**Task**
Below are the records; repeat exactly their lines between the line holding "林水生 学乾公三子,于1937年6月二十四日寅时出生。" and the line holding "牛乳 山型食パン 鮭のマヨネーズ焼き", inclusive, skipping the pictures.

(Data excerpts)
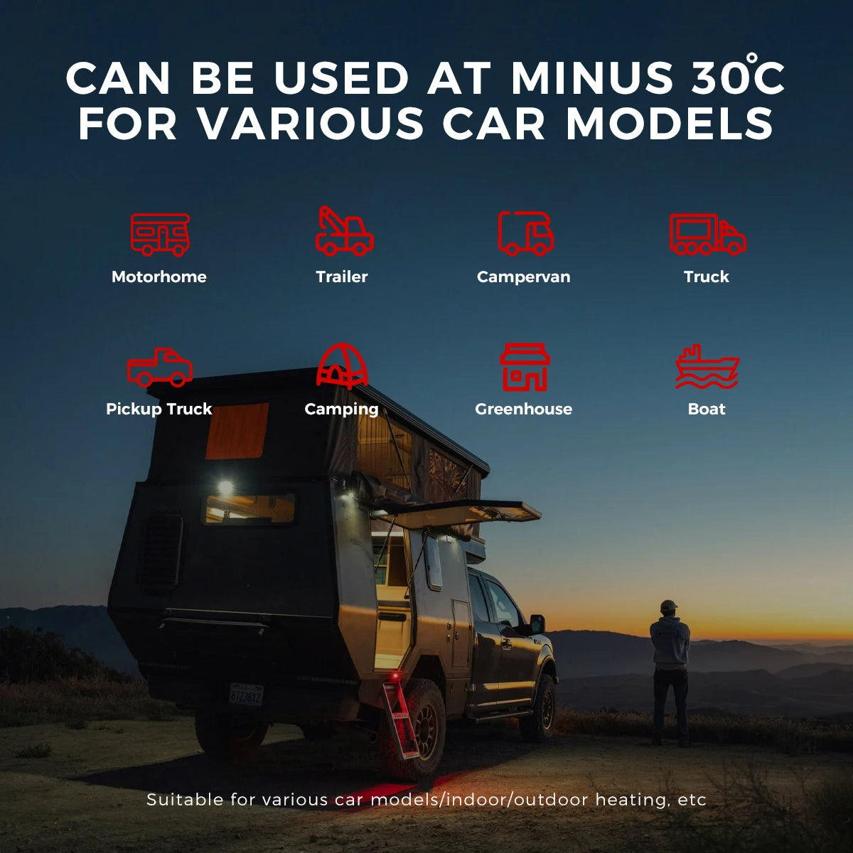 【APPLICATION SCENARIO】Our air heater can be used at high altitudes up to about 3000 meters sea level. Whether at high altitude or in cold temperatures, this portable diesel heater campers will provide you with constant warmth, preheat your vehicle, keep the interior warm, preheat the engine, and prevent windows from freezing. Perfect for heating the cabs of cargo trucks, vans, battery trucks and a variety of other vehicles.
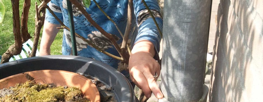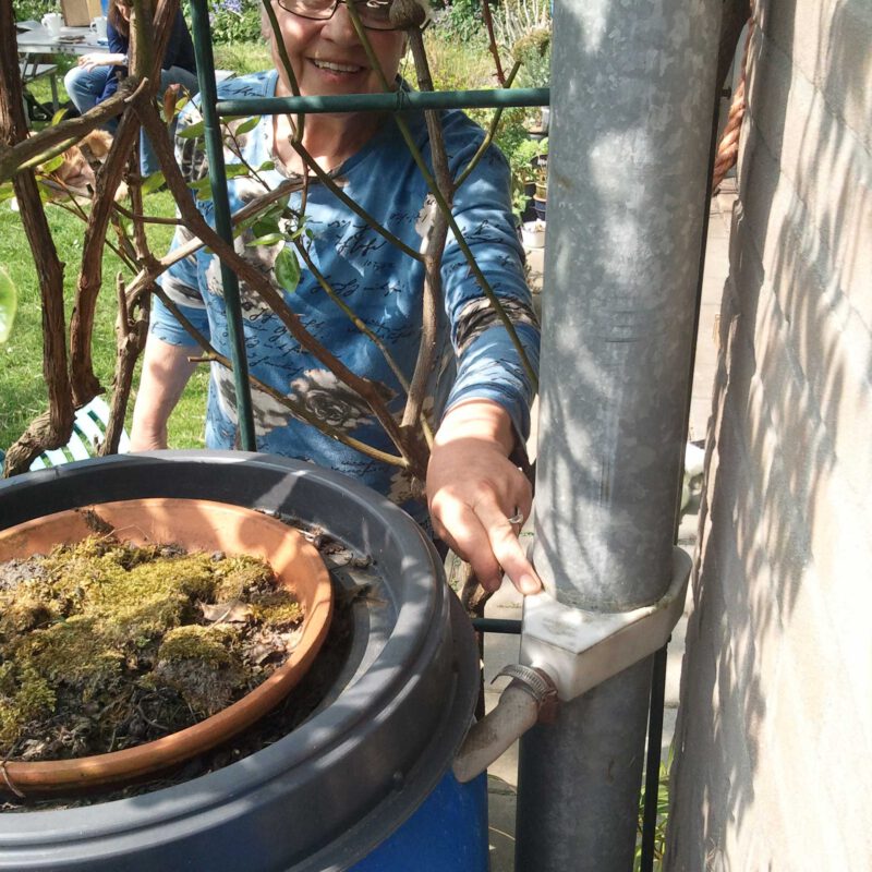 In overleg met de Vereniging van Eigenaren heeft huurster Annelies in 2006 een regenpijp, die in haar achtertuin de grond in loopt, doorgezaagd en van een tussenstuk voorzien. Dat tussenstuk brengt het regenwater naar een fikse regenton. Als die zou lopen, loopt het tussenstuk over en loopt het regenwater toch weer rechtstreeks het riool in. Maar eerst wordt iedere regenbui “gebufferd” in haar regenton. Natuurlijk staat er een grote plantengieter paraat onder het kraantje van de regenton! De ton krijgt zo amper kans om vol te lopen! Het zachte regenwater is ideaal voor de planten.
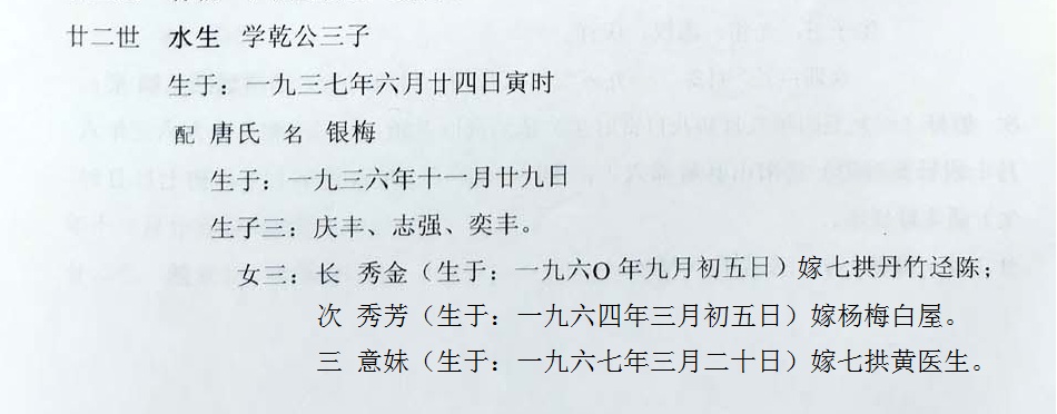 林水生 学乾公三子,于1937年6月二十四日寅时出生。
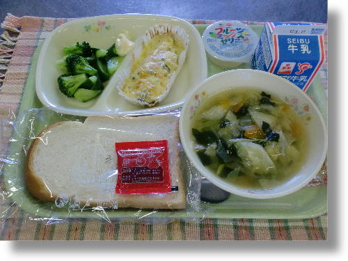 牛乳 山型食パン 鮭のマヨネーズ焼き 野菜コンソメスープ 温野菜 ゼリー 「 野菜コンソメスープ」にはキャベツが入っています。キャベツはアブラナ科アブラナ属の多年草。野菜として広く利用され、栽培上は一年生植物として扱われています。葉がやわらかくてくせがないので、いろいろな料理に利用されます。 きゃべつには特有の成分としてビタミンUがありますが、これは胃の働きを活発にし、新陳代謝をよくする働きがあります。
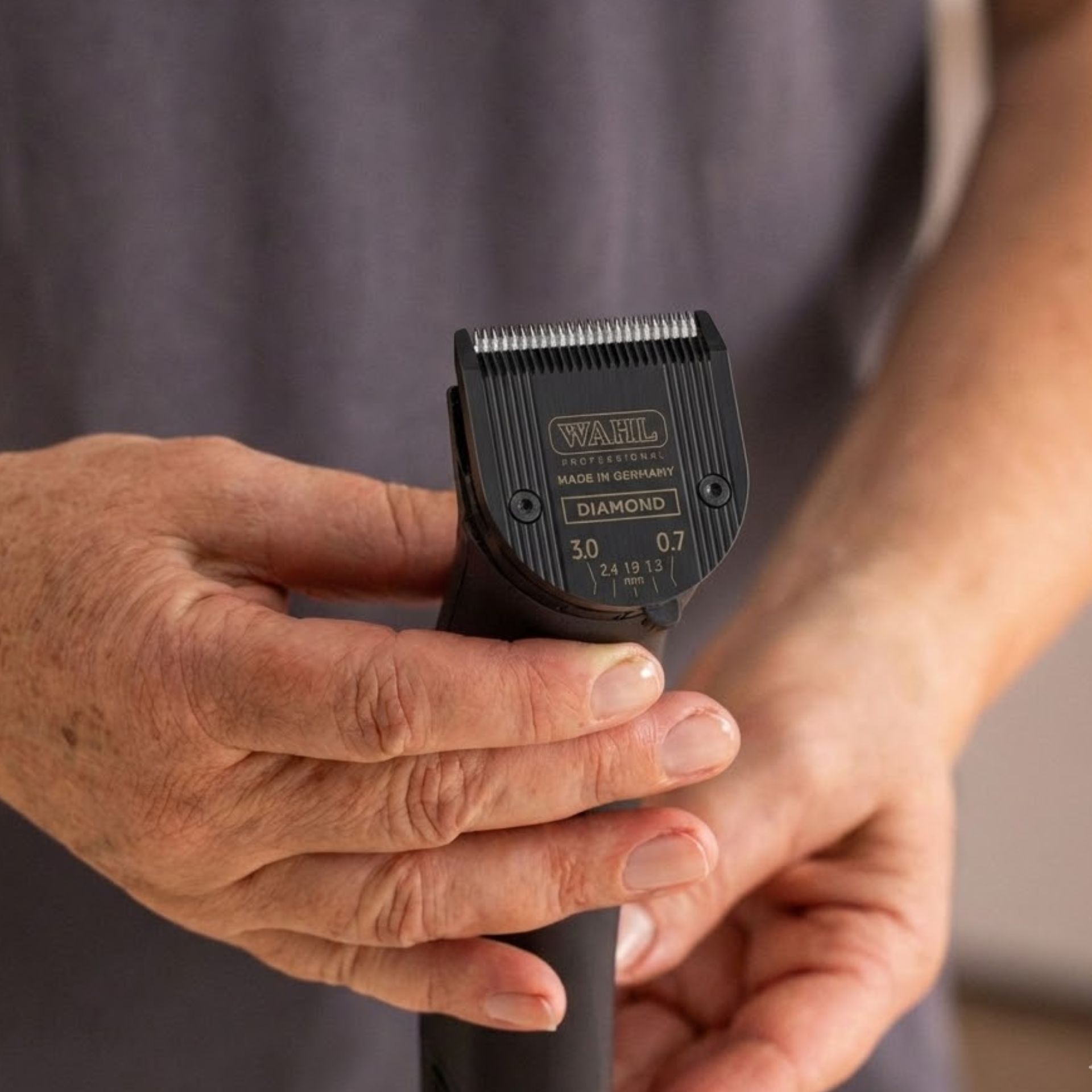 Det avtagbara Diamond Blade tillverkas i Tyskland av diamantslipat, rostfritt stål och övertygar med lång livslängd och justerbara klipplängder från 0,7 till 3 mm direkt på bladet. Den fina tandningen och den avancerade kolbeläggningen möjliggör ännu bättre klippprestanda, ökad hållbarhet och särskilt enkel rengöring.

**Written answer**
 林水生 学乾公三子,于1937年6月二十四日寅时出生。
 牛乳 山型食パン 鮭のマヨネーズ焼き 野菜コンソメスープ 温野菜 ゼリー 「 野菜コンソメスープ」にはキャベツが入っています。キャベツはアブラナ科アブラナ属の多年草。野菜として広く利用され、栽培上は一年生植物として扱われています。葉がやわらかくてくせがないので、いろいろな料理に利用されます。 きゃべつには特有の成分としてビタミンUがありますが、これは胃の働きを活発にし、新陳代謝をよくする働きがあります。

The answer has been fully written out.